= Adelaide Dental School =

Australian dental school

The Adelaide Dental School is a component of the Faculty of Health and Medical Sciences at the University of Adelaide.

The Adelaide Dental School engages in both teaching and research. Its programs include the Bachelor of Dental Surgery and the Bachelor of Oral Health, together with a range of postgraduate degrees. The school also offers to the dental profession a program of continuing education. It is the third-oldest university in Australia.

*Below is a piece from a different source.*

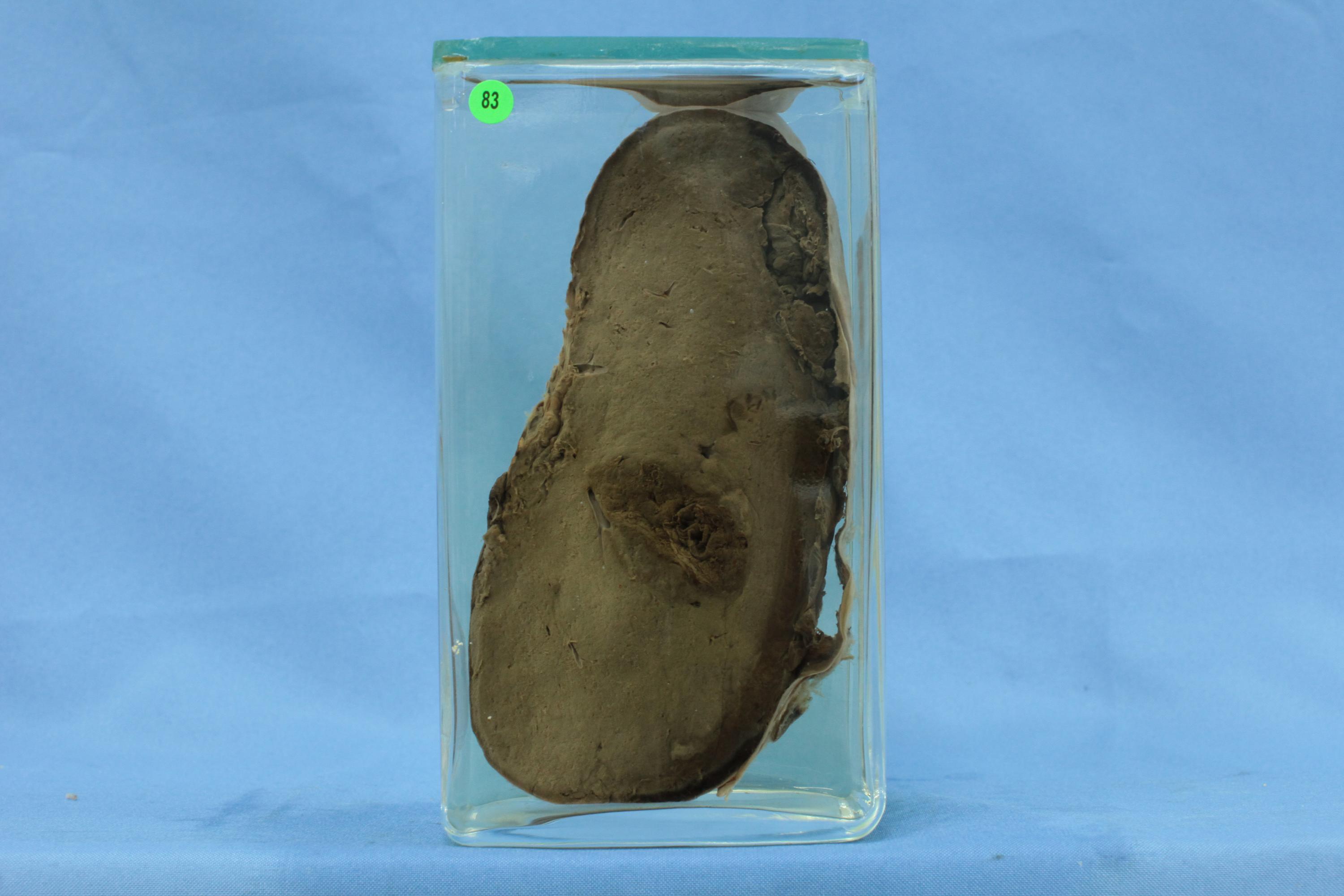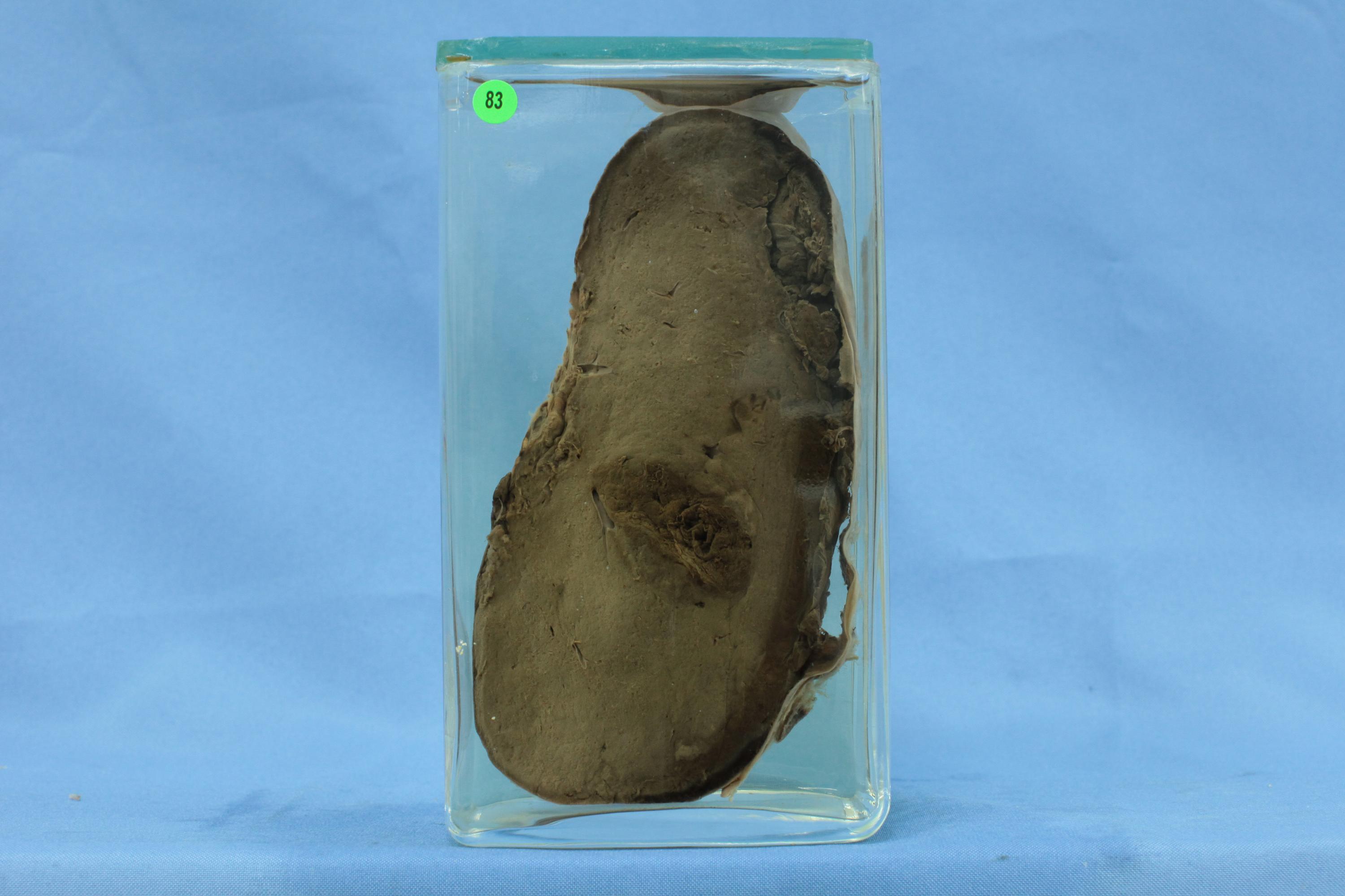 脾肿大,质地硬,由于大量疟色素沉积,表面与切面呈青灰色。

In 2014, it was announced that the Dental School would be moving to a new campus in the North Terrace campus.

==Research==
The Adelaide Dental School is home to the Australian Research Centre for Population Oral Health.

==Graduate programs==
The Adelaide Dental School offers formal graduate programs leading to a Doctor of Clinical Dentistry degree (DClinDent) in the following areas:
- Oral and Maxillofacial Pathology
- Oral and Maxillofacial Surgery (Offered conjointly with a medical degree from the Faculty of Medicine)
- Orthodontics
- Periodontics
- Prosthodontics
- Endodontics
- Special Needs Dentistry

The Faculty also offers graduate programs in Forensic Odontology and Restorative dentistry.

==Accreditation==
- The University of Adelaide's dental school is accredited by the Australian Dental Council and the Royal Australasian College of Dental Surgeons.